Quite likely he won’t have to consider the dozen traits but
instead be index specific for an easier selection. We would
assume that this would prevent him as well from chasing a single
trait on the flip side.
NICHE BEEF MARKETS
added 4/17
I would like to share a thought or two this
week concerning `Niche Markets’. We have the assumption that a
niche market is the offering of a particular product to a
targeted group of consumers who want something different. In
terms of adding value for our producers; we would like to think
these consumers would be willing to pay more money for beef
products. However, the challenge with a niche market is that
can we as producers create a special demand for a specialty
product with a constant eating quality or can us as producers
supply a beef product with a constant eating quality. Let us
assume that we can do both. A case in point is the word `Angus’
in which it is so prevalent in beef brands and promotions today
that it is hardly being considered as a niche market.

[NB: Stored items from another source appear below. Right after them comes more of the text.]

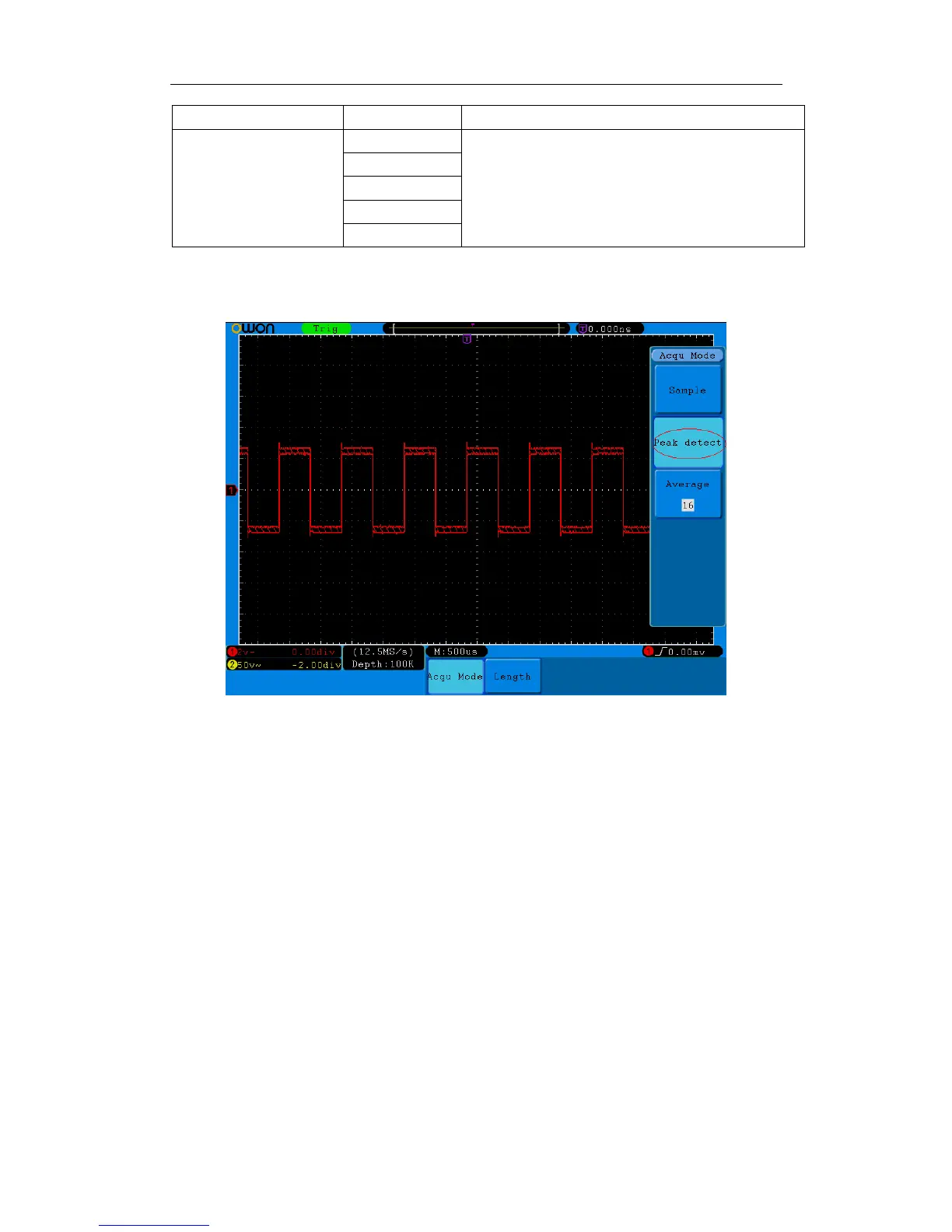 Fig.5-26 Peak Detect mode, under which the burrs on the falling edge of the square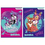Zeszyt A5, 16 kartek w linie, w miękkiej oprawie. Oprawka zdobiona grafikami z bohaterami Enchantimals. Zeszyt dostępny w dwóch wersjach graficznych.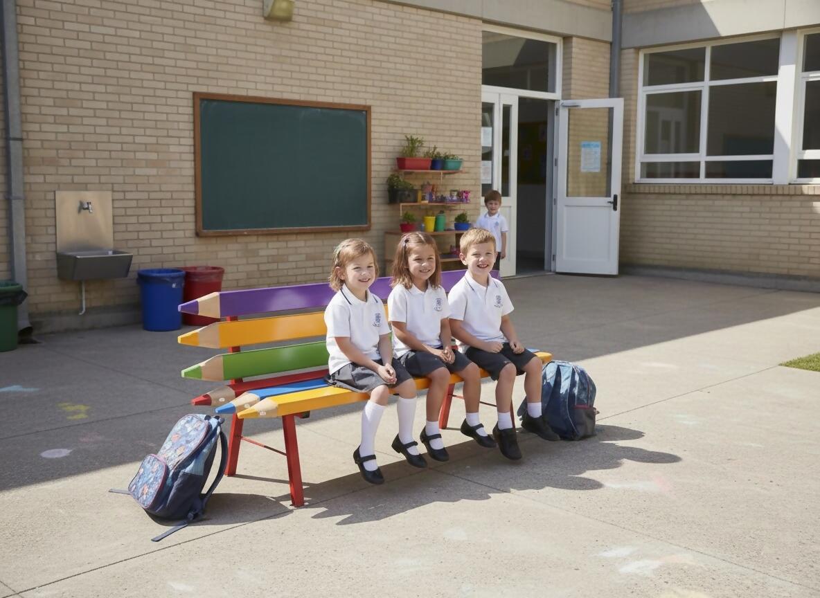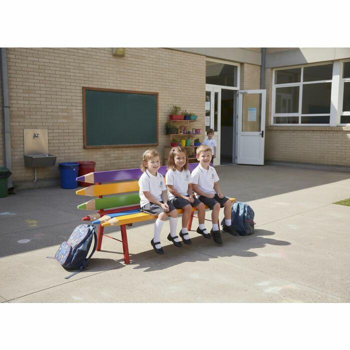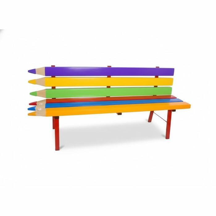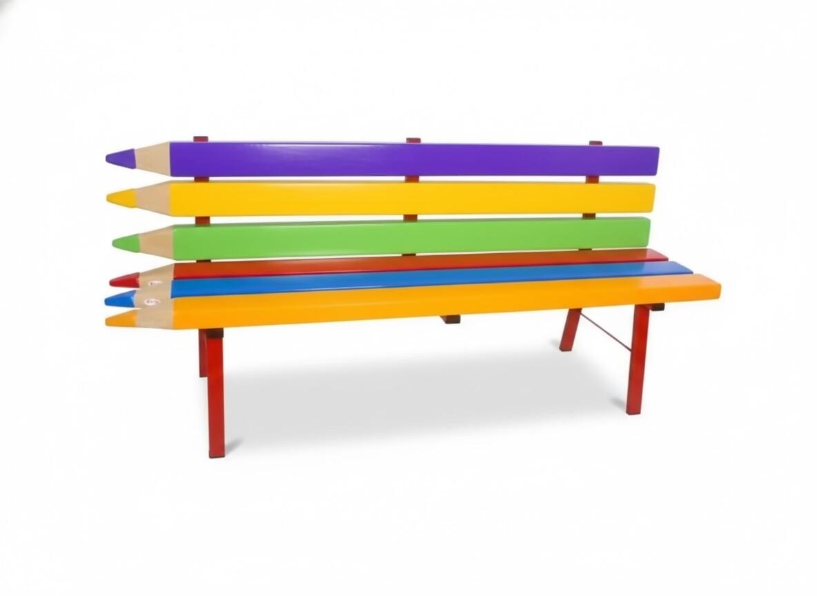 Banco infantil em forma de lápis multicolorido que auxilia no aprendizado das cores.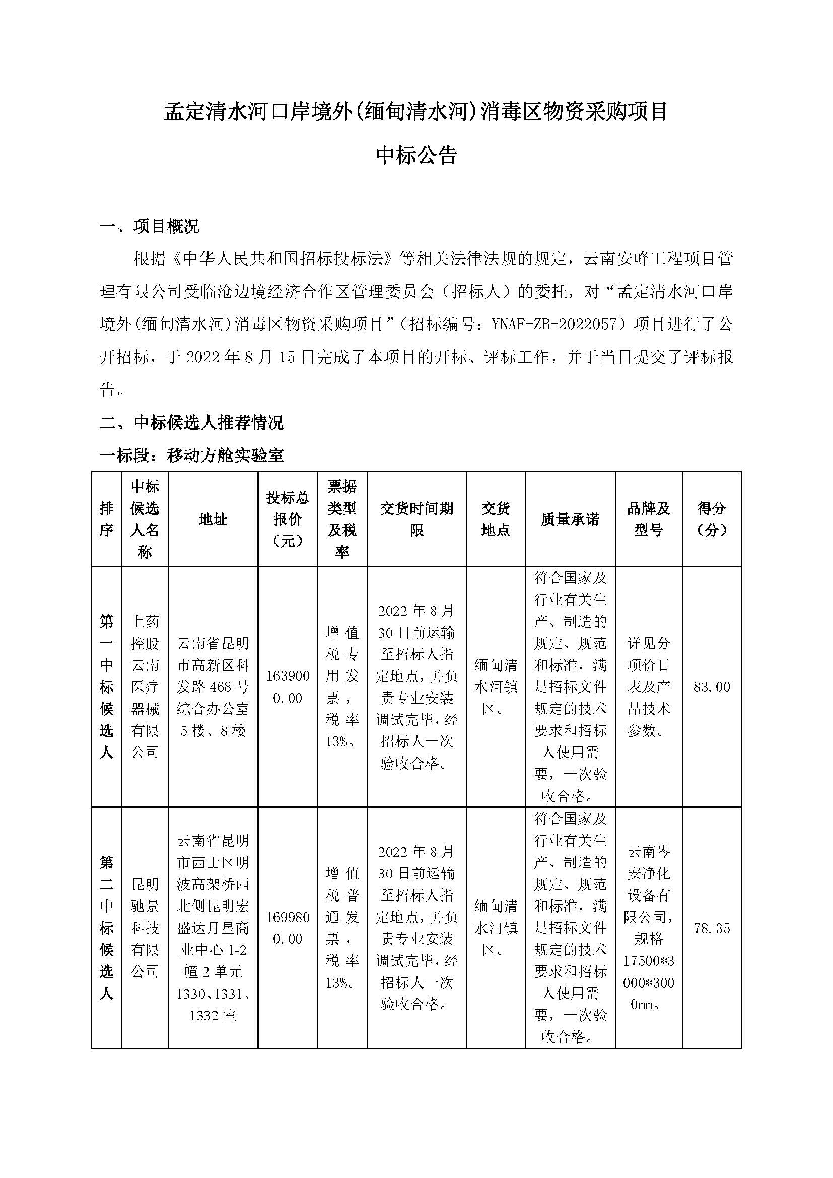 孟定清水河口岸境外(緬甸清水河)消毒區(qū)物資采購項(xiàng)目

Most of the niche markets that are emerging
today with our beef promotion efforts concerns the consumer and
their perceptions. This is especially true for our Governor and
his South Dakota Branded Beef in which we want the perception of
wholesomeness with a great eating experience. The consumer has
perceptions as to how producers raise cattle. The consumer has
perceptions of animal welfare, health, natural growth, organic
growth, original growth, grass finished, and environmentally
protected as some examples. The next level of this perception
becomes the source and process verification to provide the
documentation of the promotional claim. This is the issue with
our Governor in establishing protocols and of course the Beef
Quality Certification with assurance. We need to keep in mind
from the producer’s point of view that the documentation claims
become rather insignificant if the eating experience is
unfavorable.
We would like to think that demand will
create opportunities. The current consumer demand and their
preferences for quality beef is being shown in the beef market
with consumers paying a higher price for their beef. Our
Governor with our branded beef would like to recognize that
demand by offering a supply of good quality beef to meet the
demand of these consumers. With respect to the many beef
audits; we are hearing the retailers with Wal-Mart in particular
stating that they don’t want just a product, they want a story
with it. Our fast food markets like McDonalds, Arby’s, Bonanza,
and Wendy’s as well want to know where the beef came from and
how it was produced.
Our producers need to understand the
challenges and the risks to niche markets. The producer needs
to realize that first of all they are dealing with a food
commodity that is terminal and perishable. Beef from birth to
the plate is less than fifteen months for seventy five percent
of the market. As our Governor has mentioned; protocols need to
be established and followed. The animals’ welfare is just part
of the equation. Other basic issues the producers need to be
conscious of will concern herd genetics, forages, water, health,
and finishing practices. The bottom line for the producer is an
open mind to the consumer’s demand for a consistent beef product
with quality assurance and a rewarding eating experience.